Representative Tony Kurtz, a Republican and a military veteran, is one of the assembly members who proposed the bill in Wisconsin after Cuban did not play the anthem in Dallas. In May, the bill passed the State Assembly with a bipartisan vote, 74-22.
“I was called a fascist, a Nazi, just a whole bunch of things,” Kurtz said. “I just believe in our country. We are one nation. At the end of the day, we all still got to get along. I think that’s why it resonates so much with sports and why it resonates so much after 9/11. We needed unity in this country.”
Representative Don Vruwink, a Democrat, voted in the bill’s favor. But Vruwink, a longtime high school and youth sports coach, questioned the bill’s practicality, saying that it could not be enforced and that he worried it diluted the spirit of the anthem.
“This bill wasn’t about the logistics,” Vruwink said. “It was about a culture war, in my mind. Forcing people to say, is it good or bad, or whatever, which is unfortunate.”
Though this tension plays out at arenas, and causes fiery debates from the court to the halls of Congress, several sports commissioners, like Silver, still see a role for patriotic displays at sporting events.
“Crisis brings out the best and worst in people and companies,” said Don Garber, Major League Soccer’s commissioner, adding: “I really believe that even during the most polarizing times, sports seems to cut through all of that when it needs to most, and I continue to believe that our industry will continue to do so.”
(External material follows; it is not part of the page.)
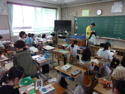 2組は宿題の答え合わせをしていました。ノートのマス目に合わせて先生が作った答えと照らし合わせて確認していきました。
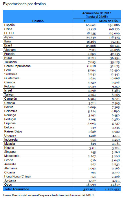 En cuanto a los principales destinos, se mantiene el predominio de España y China. Más atrás aparecen Estados Unidos, Japón, Italia, Brasil (perdiendo terreno), Vietnam, Francia y Rusia, entre otros.

Among the major sports, Garber was the only current commissioner in that role on Sept. 11. That morning, he was about to enter the Lincoln Tunnel when he looked up and saw the first tower on fire. He spent the night in the office of his brother, Mitch, a longtime attorney for a law firm that represented police officers out of an office near ground zero.
Cathy Engelbert, a longtime corporate executive and now the commissioner of the W.N.B.A., worked across the street from the World Trade Center. In a statement she said she remembered “vividly how sports played such a vital role in bringing our country together.”
She added: “Two decades later, I still believe that sports continues to be unifying.”
Bud Selig, Major League Baseball’s commissioner at the time, described baseball as an institution with important social responsibilities. The two most important instances, Selig said, were when Jackie Robinson broke the color barrier and when baseball returned after Sept. 11.
George W. Bush, who was then president, threw out the first pitch before Game 3 of the World Series at Yankee Stadium that year. “The reaction of the crowd showed that our country was on its way back,” Selig said in a statement. “It is inherent in every level of our game that the welfare of our country comes first.”
Muhammad, who won a bronze medal with the U.S. women’s saber team at the 2016 Games, also became the first U.S. Olympian in any sport to compete while wearing a hijab. After Sept. 11, hate crimes against Muslims escalated. Muhammad said “being a visible Muslim woman comes with its difficulties.”
“I don’t think that my experience as an American and having lived through 9/11 is any different from anyone else’s, other than the Muslim community became, like, literal targets afterward,” Muhammad said. “And I remember just that change in which people saw me, in the way that I was treated even sometimes by teachers, because I was young when it happened.”
And being Black, she said, is “10 times harder in this country.”
But that, in part, fuels her willingness to show her patriotism, including in sports.
“My parents made a very intentional effort to make sure that me and my siblings understood our own history as descendants of an enslaved community,” she said. “And so I am very proud of the country that my ancestors had built for free, and I don’t allow other people to dictate that connection to patriotism. I never have.”